• EXERCISE OBJECTIVE
Look at the entries below and restate word for word the lines from the first through the one that has "Kit 02 Banquetas".

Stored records
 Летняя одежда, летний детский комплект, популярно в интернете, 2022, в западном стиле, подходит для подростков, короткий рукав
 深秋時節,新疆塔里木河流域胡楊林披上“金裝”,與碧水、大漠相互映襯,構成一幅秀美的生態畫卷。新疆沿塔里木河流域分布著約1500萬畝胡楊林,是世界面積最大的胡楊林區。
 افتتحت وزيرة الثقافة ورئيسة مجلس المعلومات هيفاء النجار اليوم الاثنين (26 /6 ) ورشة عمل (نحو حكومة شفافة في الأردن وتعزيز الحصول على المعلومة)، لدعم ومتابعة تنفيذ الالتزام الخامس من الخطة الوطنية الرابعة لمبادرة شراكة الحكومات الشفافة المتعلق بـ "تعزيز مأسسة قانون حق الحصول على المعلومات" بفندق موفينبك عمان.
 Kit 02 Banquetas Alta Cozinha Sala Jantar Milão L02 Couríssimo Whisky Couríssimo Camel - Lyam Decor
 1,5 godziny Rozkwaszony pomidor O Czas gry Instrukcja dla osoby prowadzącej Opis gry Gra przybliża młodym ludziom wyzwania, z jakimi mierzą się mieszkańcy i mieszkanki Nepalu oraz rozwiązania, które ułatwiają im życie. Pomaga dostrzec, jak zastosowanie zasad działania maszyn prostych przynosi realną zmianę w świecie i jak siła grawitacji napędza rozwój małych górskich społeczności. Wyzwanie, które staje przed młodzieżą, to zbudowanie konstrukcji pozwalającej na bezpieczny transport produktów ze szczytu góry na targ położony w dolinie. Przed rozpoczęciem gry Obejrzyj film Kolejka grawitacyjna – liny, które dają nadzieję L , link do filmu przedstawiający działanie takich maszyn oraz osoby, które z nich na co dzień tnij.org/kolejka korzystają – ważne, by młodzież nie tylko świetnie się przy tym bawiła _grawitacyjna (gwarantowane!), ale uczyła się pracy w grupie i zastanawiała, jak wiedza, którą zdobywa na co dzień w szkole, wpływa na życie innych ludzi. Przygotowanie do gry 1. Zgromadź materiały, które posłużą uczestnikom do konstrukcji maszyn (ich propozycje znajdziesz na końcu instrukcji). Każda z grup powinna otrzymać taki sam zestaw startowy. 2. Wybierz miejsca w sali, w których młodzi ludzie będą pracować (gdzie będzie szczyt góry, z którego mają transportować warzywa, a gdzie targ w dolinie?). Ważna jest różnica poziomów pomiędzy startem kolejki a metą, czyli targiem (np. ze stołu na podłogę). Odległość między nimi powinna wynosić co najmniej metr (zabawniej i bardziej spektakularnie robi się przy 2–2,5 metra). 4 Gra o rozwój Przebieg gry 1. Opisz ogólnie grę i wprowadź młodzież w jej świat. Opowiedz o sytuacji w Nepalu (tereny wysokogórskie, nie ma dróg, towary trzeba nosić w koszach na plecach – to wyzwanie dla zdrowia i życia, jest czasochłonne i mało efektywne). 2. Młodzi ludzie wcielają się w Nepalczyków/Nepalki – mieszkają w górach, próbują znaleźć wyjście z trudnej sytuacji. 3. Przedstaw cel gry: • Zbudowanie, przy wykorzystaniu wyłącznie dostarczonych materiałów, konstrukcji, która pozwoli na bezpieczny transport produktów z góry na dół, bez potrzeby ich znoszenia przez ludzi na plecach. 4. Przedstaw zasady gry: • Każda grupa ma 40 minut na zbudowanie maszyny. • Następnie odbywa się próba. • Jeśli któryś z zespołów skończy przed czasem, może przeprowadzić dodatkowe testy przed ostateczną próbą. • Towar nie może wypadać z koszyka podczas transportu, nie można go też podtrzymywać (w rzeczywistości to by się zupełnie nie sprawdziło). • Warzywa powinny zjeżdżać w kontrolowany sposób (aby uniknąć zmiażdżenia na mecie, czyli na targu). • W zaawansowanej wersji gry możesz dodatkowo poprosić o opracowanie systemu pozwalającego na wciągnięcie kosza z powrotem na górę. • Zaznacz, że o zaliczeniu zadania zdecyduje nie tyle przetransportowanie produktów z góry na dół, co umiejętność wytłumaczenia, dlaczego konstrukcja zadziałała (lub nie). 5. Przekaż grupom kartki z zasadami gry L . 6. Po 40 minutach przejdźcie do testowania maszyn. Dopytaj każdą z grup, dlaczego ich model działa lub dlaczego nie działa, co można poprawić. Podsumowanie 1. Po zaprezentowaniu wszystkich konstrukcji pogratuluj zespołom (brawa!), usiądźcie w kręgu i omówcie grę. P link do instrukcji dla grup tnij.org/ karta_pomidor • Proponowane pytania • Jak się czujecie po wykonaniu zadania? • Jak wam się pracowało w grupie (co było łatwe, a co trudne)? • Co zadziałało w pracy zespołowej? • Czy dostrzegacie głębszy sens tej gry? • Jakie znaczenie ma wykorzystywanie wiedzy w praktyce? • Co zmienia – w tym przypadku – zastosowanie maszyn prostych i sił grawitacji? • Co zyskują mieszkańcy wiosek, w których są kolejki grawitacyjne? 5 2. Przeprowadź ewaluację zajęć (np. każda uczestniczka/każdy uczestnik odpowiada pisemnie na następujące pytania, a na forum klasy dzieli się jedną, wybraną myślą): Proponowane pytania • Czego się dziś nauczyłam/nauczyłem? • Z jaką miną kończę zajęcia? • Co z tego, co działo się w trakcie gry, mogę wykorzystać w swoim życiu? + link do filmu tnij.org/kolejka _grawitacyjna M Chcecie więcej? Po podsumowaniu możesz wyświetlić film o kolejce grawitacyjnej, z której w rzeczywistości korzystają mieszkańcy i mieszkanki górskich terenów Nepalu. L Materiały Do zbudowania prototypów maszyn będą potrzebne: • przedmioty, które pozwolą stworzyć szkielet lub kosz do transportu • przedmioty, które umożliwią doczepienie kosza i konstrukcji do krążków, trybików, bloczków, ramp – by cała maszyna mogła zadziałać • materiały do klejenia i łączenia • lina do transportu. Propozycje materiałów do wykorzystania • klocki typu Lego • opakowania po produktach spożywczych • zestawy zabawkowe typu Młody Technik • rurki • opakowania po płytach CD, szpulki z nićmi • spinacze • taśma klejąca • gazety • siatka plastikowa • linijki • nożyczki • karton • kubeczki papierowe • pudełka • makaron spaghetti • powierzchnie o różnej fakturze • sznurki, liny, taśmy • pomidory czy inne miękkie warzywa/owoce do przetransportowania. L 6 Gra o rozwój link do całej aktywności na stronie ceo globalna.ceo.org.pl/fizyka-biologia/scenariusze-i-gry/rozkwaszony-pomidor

• EXERCISE RESULT
 Летняя одежда, летний детский комплект, популярно в интернете, 2022, в западном стиле, подходит для подростков, короткий рукав
 深秋時節,新疆塔里木河流域胡楊林披上“金裝”,與碧水、大漠相互映襯,構成一幅秀美的生態畫卷。新疆沿塔里木河流域分布著約1500萬畝胡楊林,是世界面積最大的胡楊林區。
 افتتحت وزيرة الثقافة ورئيسة مجلس المعلومات هيفاء النجار اليوم الاثنين (26 /6 ) ورشة عمل (نحو حكومة شفافة في الأردن وتعزيز الحصول على المعلومة)، لدعم ومتابعة تنفيذ الالتزام الخامس من الخطة الوطنية الرابعة لمبادرة شراكة الحكومات الشفافة المتعلق بـ "تعزيز مأسسة قانون حق الحصول على المعلومات" بفندق موفينبك عمان.
 Kit 02 Banquetas Alta Cozinha Sala Jantar Milão L02 Couríssimo Whisky Couríssimo Camel - Lyam Decor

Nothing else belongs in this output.